● RECORDED INFORMATION
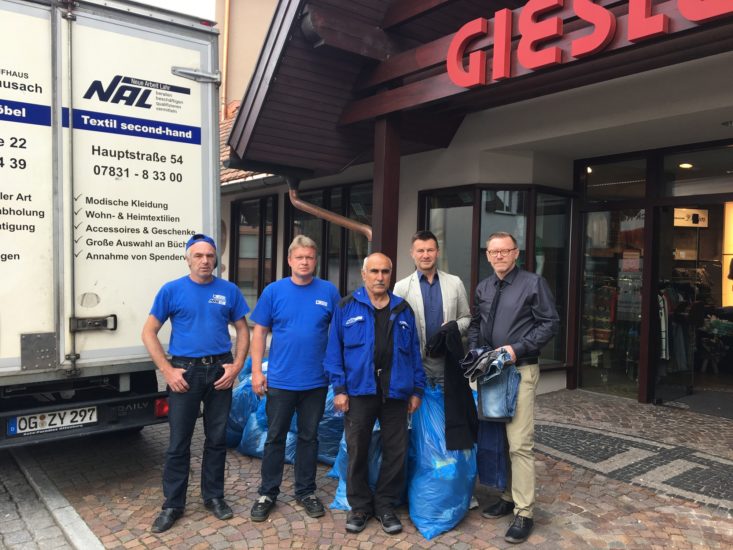 Alle Hosen wurden in den Modehäusern gesammelt, anschließend in Säcke verpackt und an die »Guck Rein Textil« in Hausach gespendet. Herr Bauer und sein Team kamen vergangene Woche in Haslach vorbei, um die Hosen abzuholen.
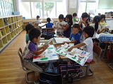 みんなで、夏休みに読む本を借りに図書館へ行きました。
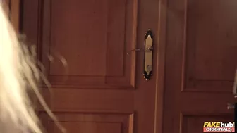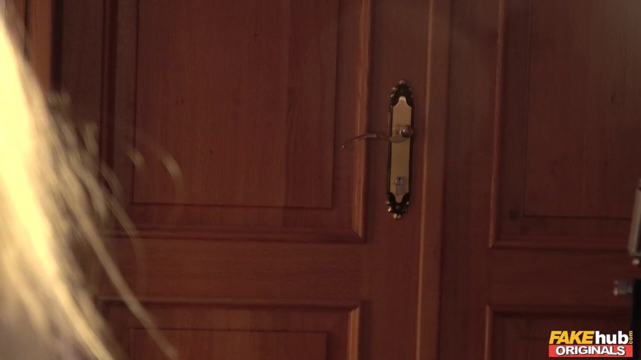 Description: When business woman Kathy Anderson hears a disturbance outside her office window she realizes Michael Fly is trying to break in! Kathy hides behind the door as Michael enters the room. Michael creeps through the office looking for valuables but unfortunately for him only finds office supplies! As he rummages through Kathy s desk the blonde MILF crawls under the desk and disarms him by giving him a handjob. Kathy pulls out Michael s cock then gives him a blowjob while playing with her tits. Kathy fucks Michael under her desk on top of her desk and then lets him cum on her face as sirens blare in the background!

● DESCRIPTION OF THE TASK
Transcribe only these lines, exactly: the first line of the listing, every line after it, and the line with "みんなで、夏休みに読む本を借りに図書館へ行きました。", where the copy ends. Include no picture.

● FINAL ANSWER
 Alle Hosen wurden in den Modehäusern gesammelt, anschließend in Säcke verpackt und an die »Guck Rein Textil« in Hausach gespendet. Herr Bauer und sein Team kamen vergangene Woche in Haslach vorbei, um die Hosen abzuholen.
 みんなで、夏休みに読む本を借りに図書館へ行きました。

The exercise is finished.